Pero después de un siglo desafiando la empresa colonial sionista, los palestinos siguen ahí, exigiendo sus plenos derechos.

Lo que exige el futuro inmediato es, ante todo, un embargo de armas y energía contra Israel para poder llegar a un alto al fuego.
En paralelo, la reconstrucción de un movimiento político nacional palestino unificado que pueda reivindicar nuestra lucha histórica.
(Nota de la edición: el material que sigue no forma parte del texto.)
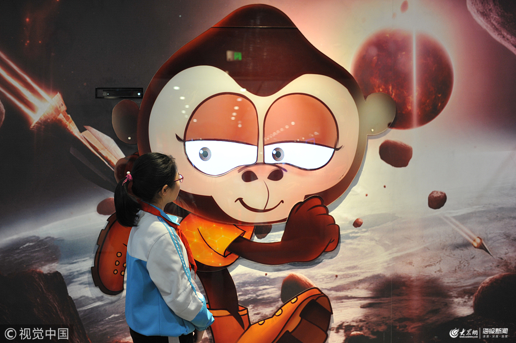 2019年1月23日,一名青島洛陽路第一小學(xué)的學(xué)生在“冬令營”體驗“眼球跟蹤”科技趣味活動。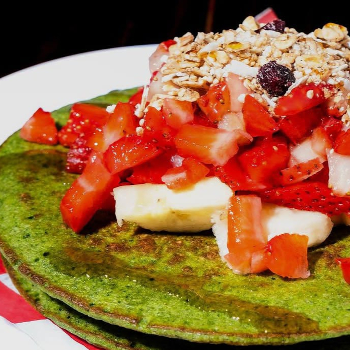 Pancakes de avena (2 piezas) con espinaca (dosis extra de proteína) con fruta y un toque de granola.

Un poder que debe abarcar a todos los actores políticos, desde Hamás a Fatah, pasando por los no afiliados y los refugiados en el exilio, sin que nuestra movilización política sea aplastada antes incluso de organizarse.

Mientras tanto, debemos resistirnos a la tentación de adoptar posturas diplomáticas precipitadas y propuestas para «revivir» «soluciones» y «procesos de paz» diseñados para normalizar hechos consumados coloniales, ocultar las responsabilidades de Israel mientras nos imponen líderes títeres elegidos por sus patrocinadores.

La verdadera cuestión hoy no es si la «solución de los dos Estados puede salvarse», sino qué contrato social queremos establecer sobre todo el territorio que hoy incluye Israel y los territorios ocupados desde 1967. Mientras las leyes e instituciones constitucionales vigentes, racistas por naturaleza, sigan otorgando más derechos a los judíos, mientras los palestinos no puedan regresar a su tierra y mientras cuestionar el sionismo como proyecto político siga siendo un tabú intocable, la violencia prevalecerá.

No habrá alto el fuego sin sanciones contra Israel y sin una conciencia internacional de que la impunidad y la complicidad deben terminar. No habrá paz sin el desmantelamiento del sistema de apartheid y la continuación de la Nakba. No habrá paz sin justicia internacional ni derechos fundamentales para todos.


Inès Abdel Razek es codirectora del Instituto para la Diplomacia Publica (The PIPD).